Run your compiled model
-----------------------

- To test the model run the following command

        .. code-block:: bash

            tvmc run <model_name>.tar --profile --print-time --device "vulkan" --repeat 100

    The command shows you the profiling of each layer. Check if they all run on ``vulkan0``. At the bottom, a timing benchmark is printed.

Run the model using the Python API
----------------------------------

Extract the tar, using ``tar -xf <your_file>``.
The following code snippet shows how to run a `YOEO <https://github.com/bit-bots/YOEO/>`_ model using the Python API. 
Normally the ``bitbots_vision`` is used to run the compiled model.

    .. code-block:: python

        import numpy as np
        import tvm
        from tvm.contrib import graph_executor

        # Load model
        binary_lib = tvm.runtime.load_module("mod.so")
        loaded_params = bytearray(open("mod.params", "rb").read())
        loaded_json = open("mod.json").read()

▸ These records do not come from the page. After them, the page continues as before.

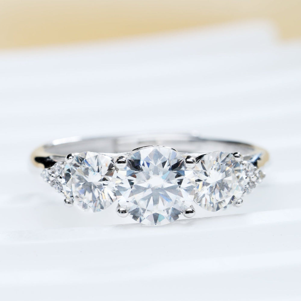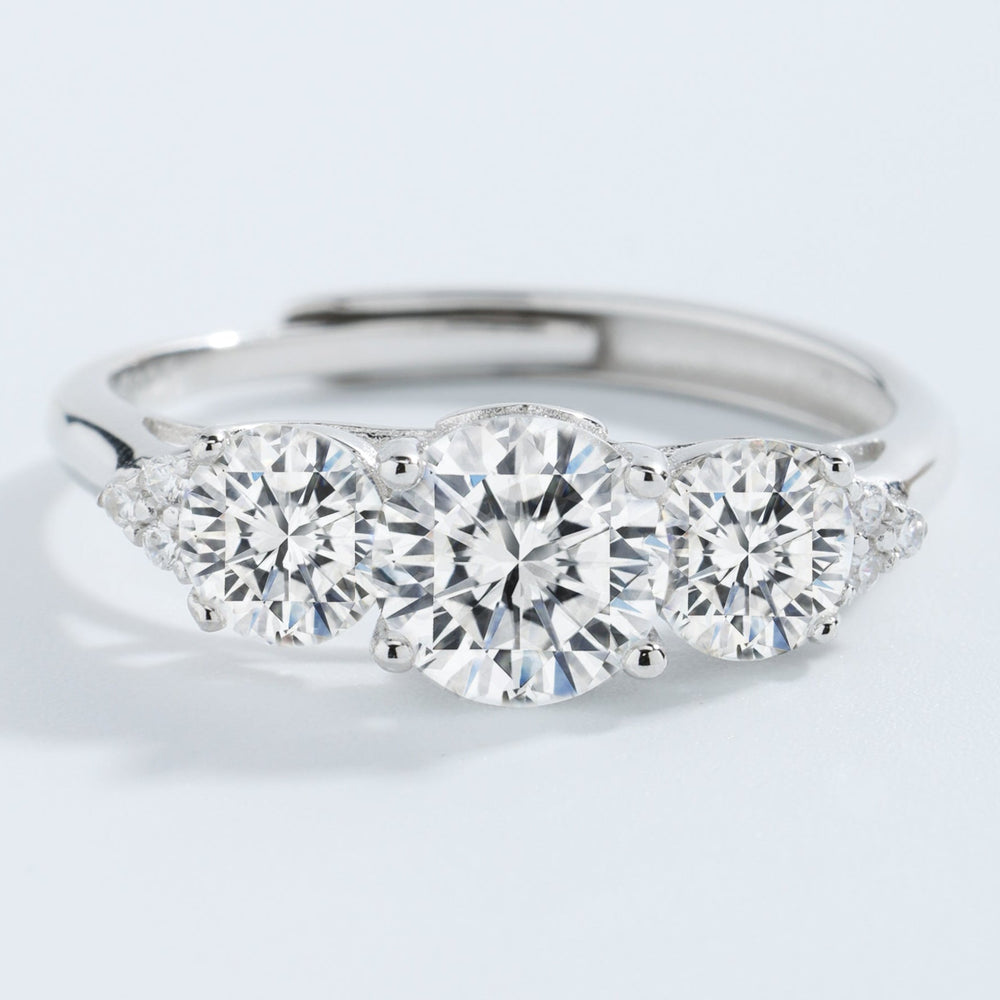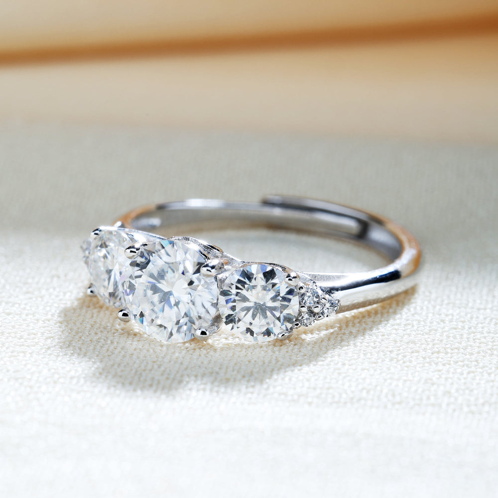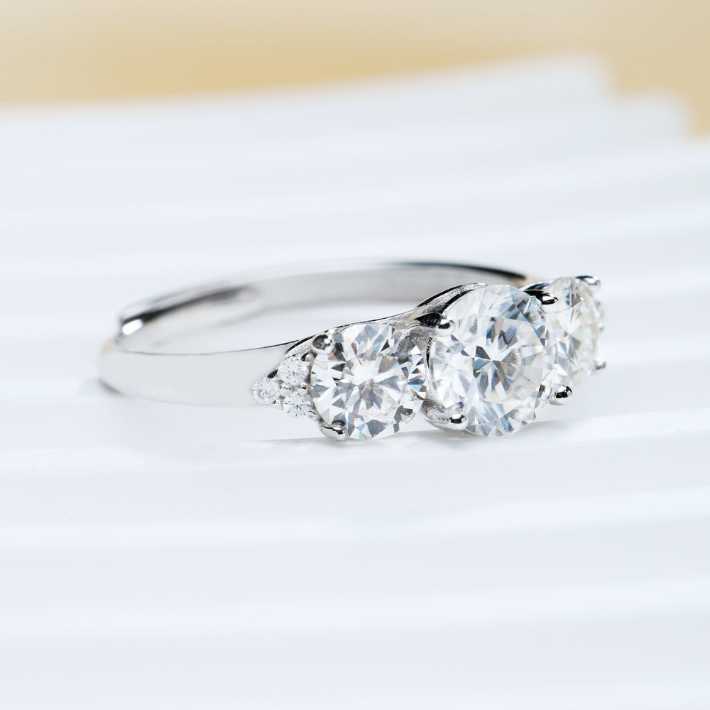 Whether it's an engagement Ring, an anniversary gift, or a reward for yourself, the 3 Stone All Synthetic Moissanite Ring is a gift full of thought. It is not only a symbol of eternal love and commitment, but also a perfect expression of your unique taste.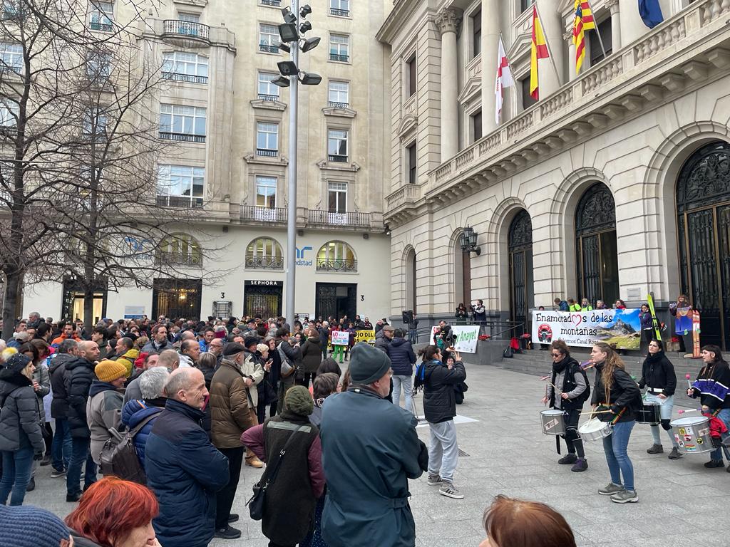 Varios centenares de personas se han concentrado este martes en la plaza de España de Zaragoza en contra de la firma de la unión de estaciones de Astún y Formigal. Los manifestantes afirman que quieren agotar las vías administrativas antes de llegar a las judiciales.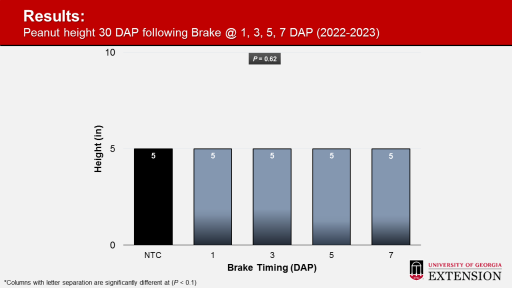 Results: <BR>Peanut height 30 DAP following Brake @ 1, 3, 5, 7 DAP (2022-2023)<BR>P = 0.62<BR>*Columns with letter separation are significantly different at (P < 0.1)<BR>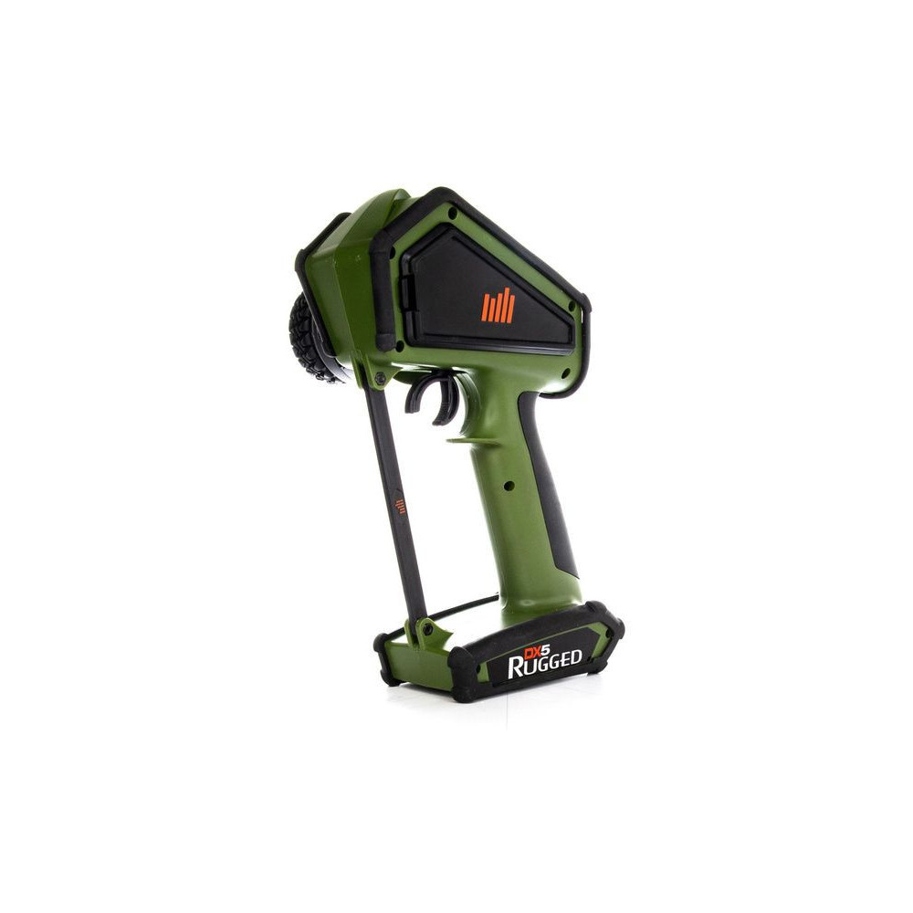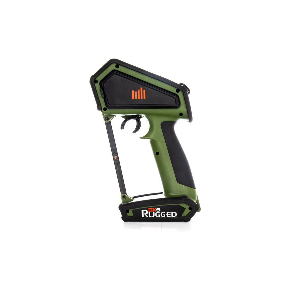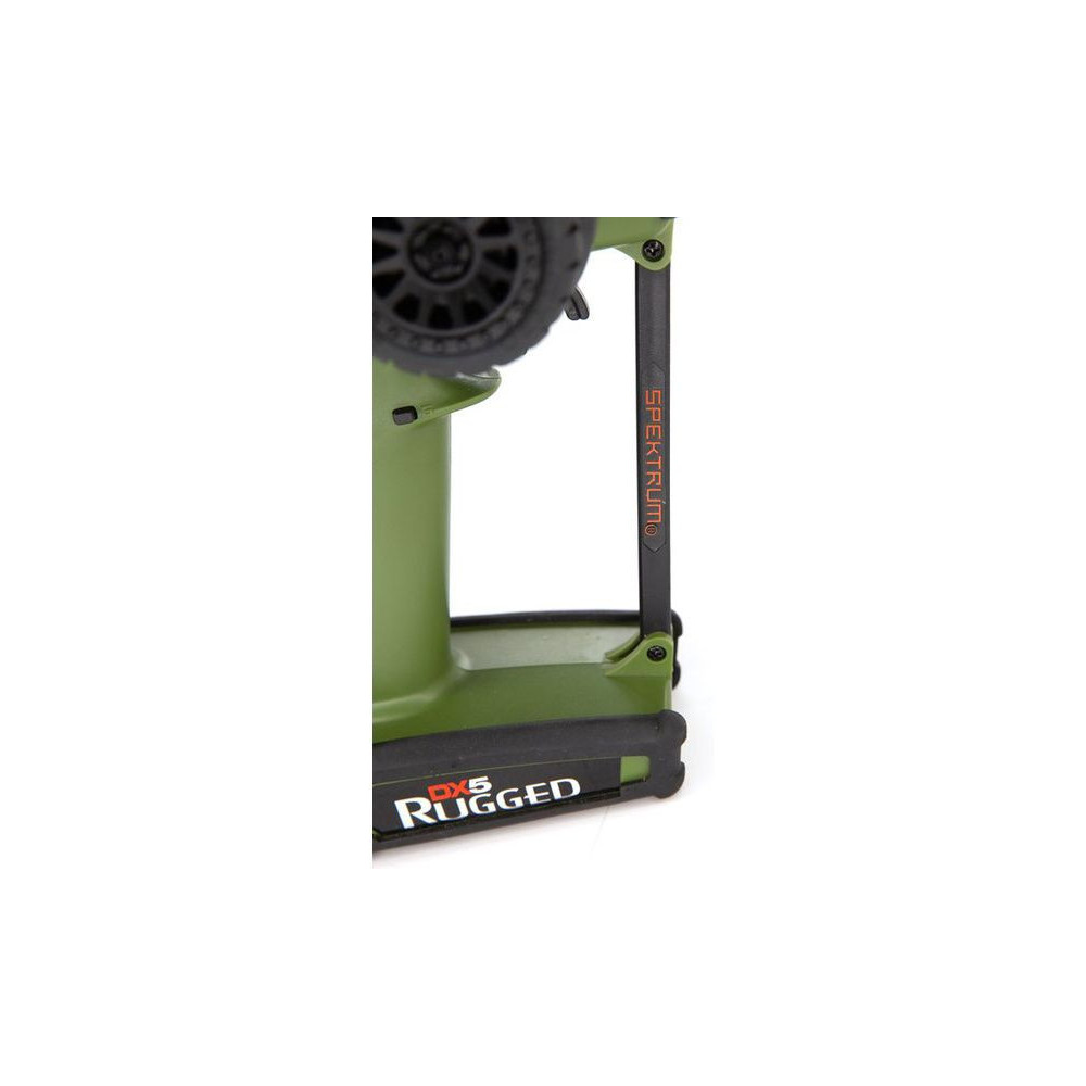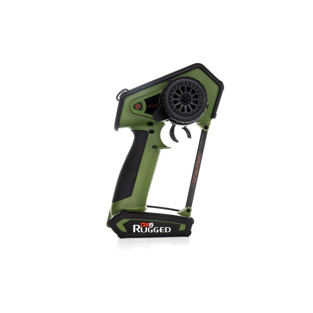 Van off-road RC modellje, és szüksége van egy stílusos megjelenésű jeladóra hozzá? A Spektrum DX5 Rugged egy ütésálló adóházzal rendelkezik, amely körös-körül puha tapintású díszlécekkel, belső antennával, karabiner gyűrűvel, masszív kormánykerékkel és hüvelykujjas kormánykarral rendelkezik.

        # Create model module
        module = graph_executor.create(loaded_json, binary_lib, tvm.vulkan(0)) # Replace with tvm.cpu(0) for CPU models
        module.load_params(loaded_params)

        # Create dummy data
        input_data = np.random.uniform(size=(1,3,  416, 416)).astype("float32")

        # Run the network
        module.set_input(InputLayer=input_data)
        module.run()
        yolo_detections, segmentation = module.get_output(0).numpy(), module.get_output(1).numpy()

        print(yolo_detections.shape, segmentation.shape)